To conduct research safely with potentially hazardous microorganisms, the researcher must (1) identify the components of the research that are hazardous (hazard identification), (2) assess the additional risks associated with manipulating the materials in experimentation (risk assessment), and (3) establish the facilities, equipment, and practices necessary to protect workers from the identified risk (risk management).
The responsible party for conducting hazard identification and risk assessment and for putting risk management measures in place is generally the laboratory director. The laboratory director is further responsible for ensuring that all research personnel are aware of the risks associated with the research and are trained in the techniques established for safe work practices. Roles and responsibilities for safe conduct in research must be established for all persons involved prior to initiating research.
Precautions described in this unit should be applied to the routine handling of viable pathogenic microorganisms, as well as all human‐derived materials, because they may harbor dangerous pathogens such as human immunodeficiency virus (HIV), hepatitis B virus (HBV), cytomegalovirus (CMV), Epstein‐Barr virus (EBV), and some bacterial pathogens.

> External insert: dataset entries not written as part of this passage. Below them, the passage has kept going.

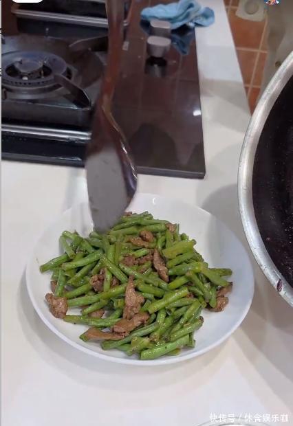 视频里她身处迢遥亮堂的厨房,熟悉地切菜、打蛋、颠勺,动作鸿章钜字,颇有大厨风姿。
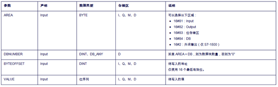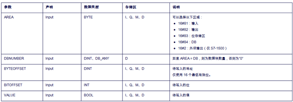 POKE_BOOL以位的形式對(duì)西門子數(shù)據(jù)進(jìn)行間接尋址,用于在不指定數(shù)據(jù)類型的情況下從標(biāo)準(zhǔn)存儲(chǔ)區(qū)寫入存儲(chǔ)位。指令針腳定義如下:
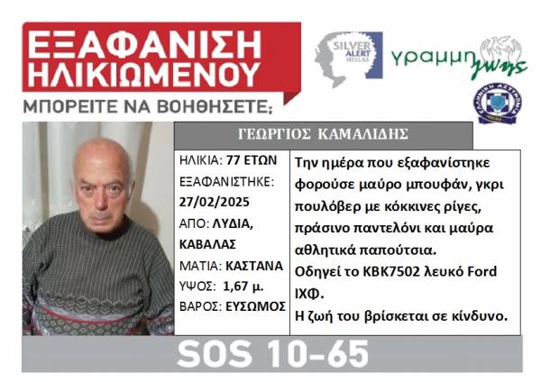 Ο Γεώργιος Καμαλίδης, 77 ετών, εξαφανίστηκε από το σπίτι του, στη Λυδία Καβάλας, το απόγευμα της 27/02/25, όταν έφυγε με το αυτοκίνητο του, ΙΧΦ, μάρκας Ford, χρώματος λευκού και με αριθμό κυκλοφορίας KBK7502, προς άγνωστη κατεύθυνση και για άγνωστη αιτία. Έκτοτε αγνοείται.
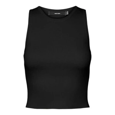 VERO MODA Women's Vmginny Sl O Neck Crop Top Noos, Black, L
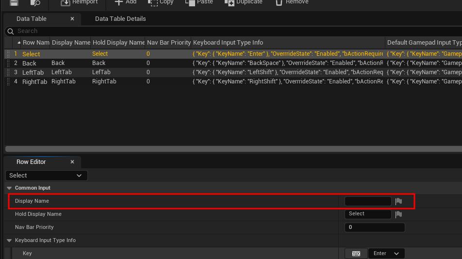 - 默认有设置对应的InputActionTable,这个表中几乎有所有按键的设置,如果需要可以直接复制其中的选项到我们新建的表即可。
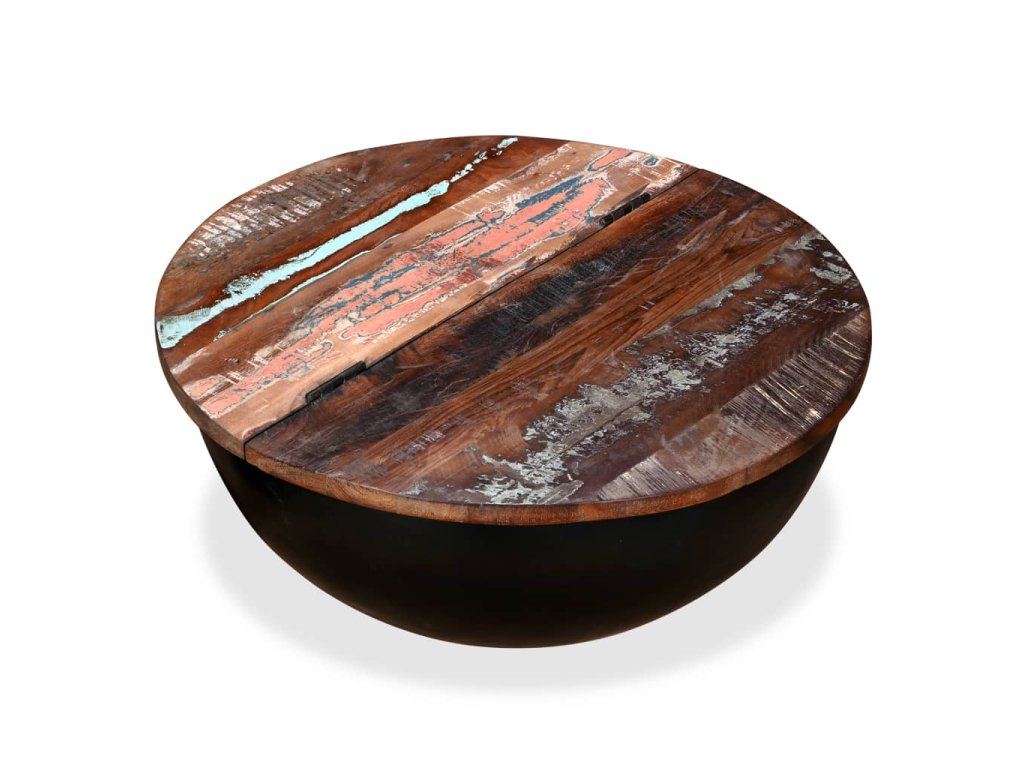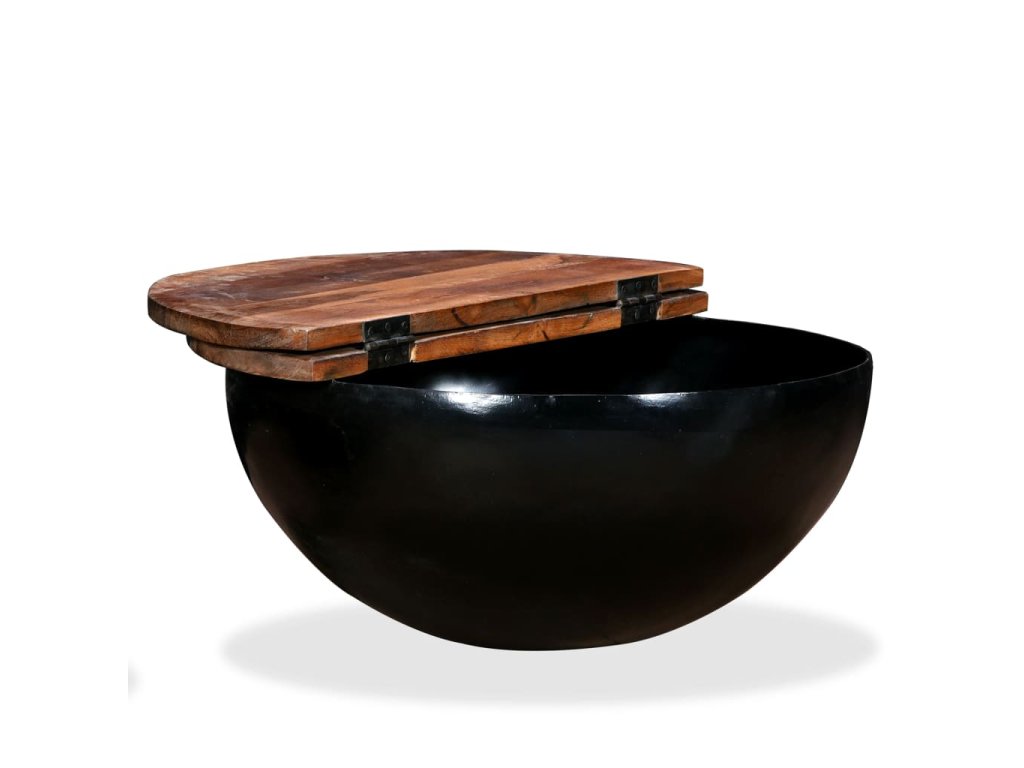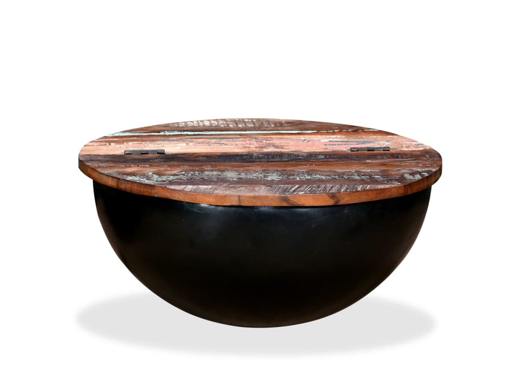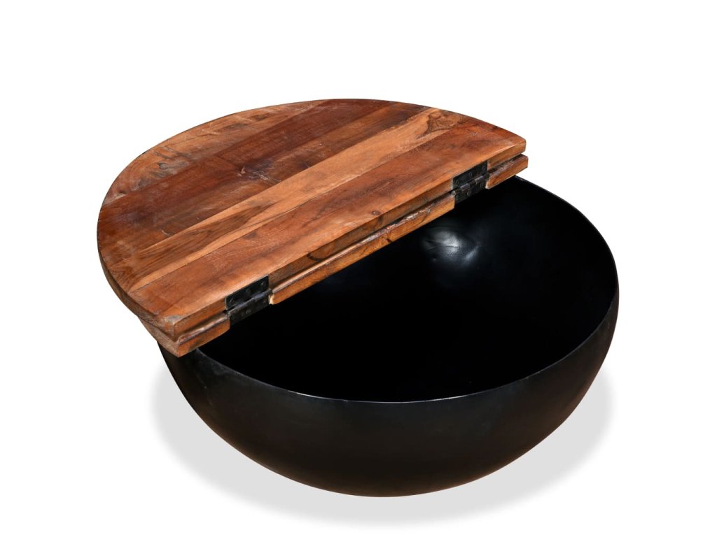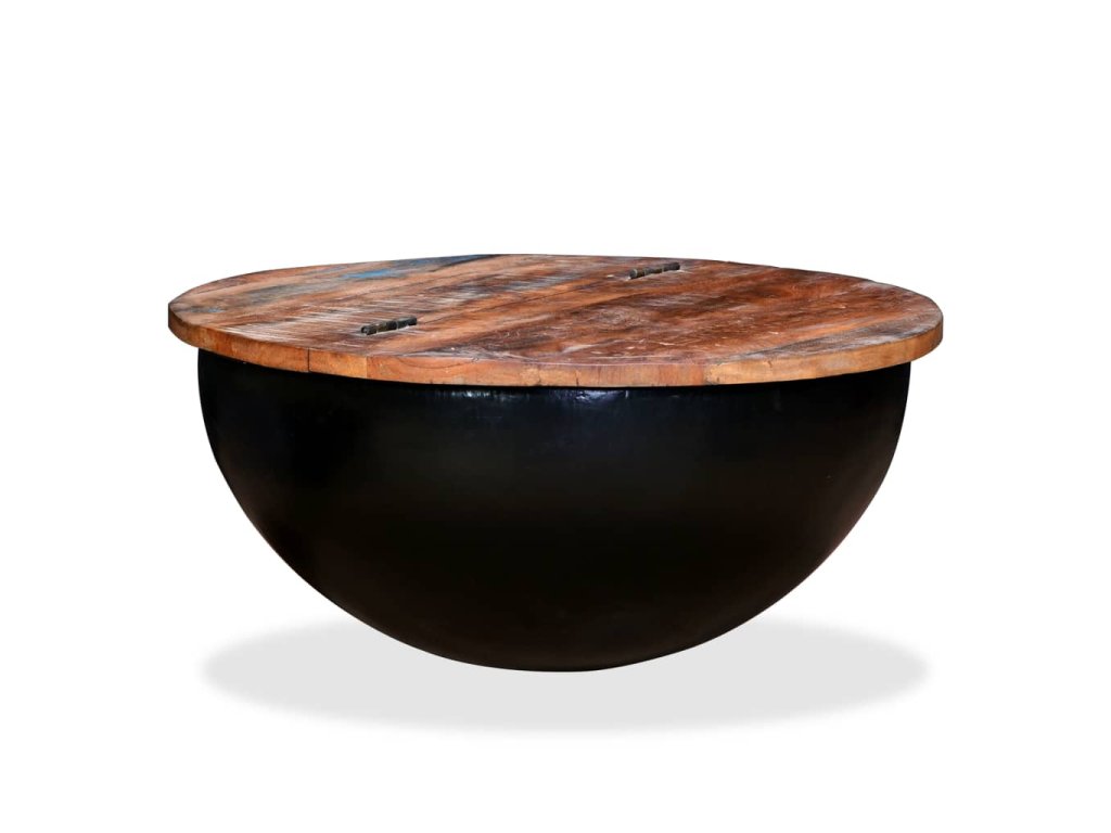 Konferenční stolek, masivní recyklované dřevo, černý, tvar misky 245259
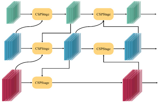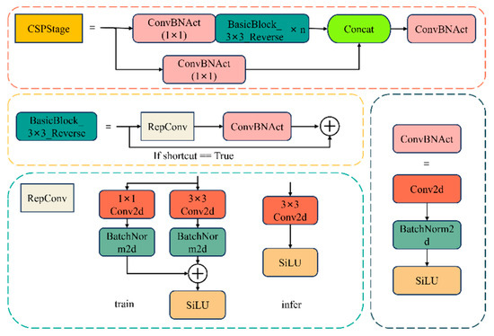 The structure of the CSPStage module is shown in Figure 6, which splits the feature learning path into two parts; one part is directly residual concatenated, and the other part undergoes a series of convolutions before being fused with the first part. This design helps to extract and fuse different levels of feature information, thus enhancing the feature representation. The structure-heavy, parameterized convolution known as RepConv is also employed. This approach utilizes a two-branch structure during training, which is fused into a single branch during inference, thereby reducing inference time.
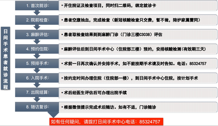 日間手術(shù)在歐美等發(fā)達(dá)國(guó)家已占擇期手術(shù)的80%以上,我國(guó)日間手術(shù)開(kāi)展較好的醫(yī)院日間手術(shù)占比為40.5%,但大多數(shù)醫(yī)院日間手術(shù)開(kāi)展率較低,主要由于沒(méi)有較好的管理平臺(tái)及管理模式參考。2019年之前,我院日間手術(shù)開(kāi)展率也較低,存在同樣的問(wèn)題。因此,我院建立了“基于麻醉手術(shù)部平臺(tái)的日間手術(shù)中心一體化管理模式”,該模式由醫(yī)務(wù)部主管、麻醉手術(shù)部主導(dǎo),服務(wù)手術(shù)科室的綜合運(yùn)轉(zhuǎn)模式。其管理團(tuán)隊(duì)由科主任、護(hù)士長(zhǎng)管理,設(shè)置6名醫(yī)生、7名護(hù)士、1名護(hù)理員完成日間手術(shù)中心患者圍術(shù)期醫(yī)護(hù)工作。同時(shí),日間手術(shù)中心引進(jìn)了信息化管理流程系統(tǒng),即患者首次就診掃描二維碼,綁定就診卡,自動(dòng)被納入信息化系統(tǒng)內(nèi),引導(dǎo)患者完成麻醉評(píng)估、手術(shù)預(yù)約、院前宣教、術(shù)前準(zhǔn)備、手術(shù)知情、手術(shù)麻醉、術(shù)后恢復(fù)以及術(shù)后隨訪等全部圍術(shù)期醫(yī)療、護(hù)理工作,極大保障了患者的安全,真正實(shí)現(xiàn)了“一站式”醫(yī)療服務(wù)(圖1)。
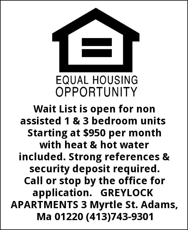 Wait List is open for non assisted 1 & 3 bedroom units Starting at $950 per month with heat & hot water included. Strong references & security deposit required. Call or stop by the office for application. GREYLOCK APARTMENTS 3 Myrtle St. Adams, Ma 01220 (413)743-9301

In addition to concern for transmission from human‐derived material, research materials derived from animals should be evaluated for the presence of agents capable of infecting humans. An unfortunate example is the likelihood that materials derived from Old World nonhuman primates such as the macaque may contain cercopithecine herpesvirus (CHV‐1), also called herpes B virus or B‐virus. This virus causes simple cold sores in macaques but can be fatal to humans (Holmes et al., 1995). Other rodent‐borne diseases have been transferred to humans via cell lines that were passaged through rodent hosts (Baum et al., 1966). Many other pathogens that infect animals can also infect humans: these are called zoonotic agents (Hankenson et al., 2003).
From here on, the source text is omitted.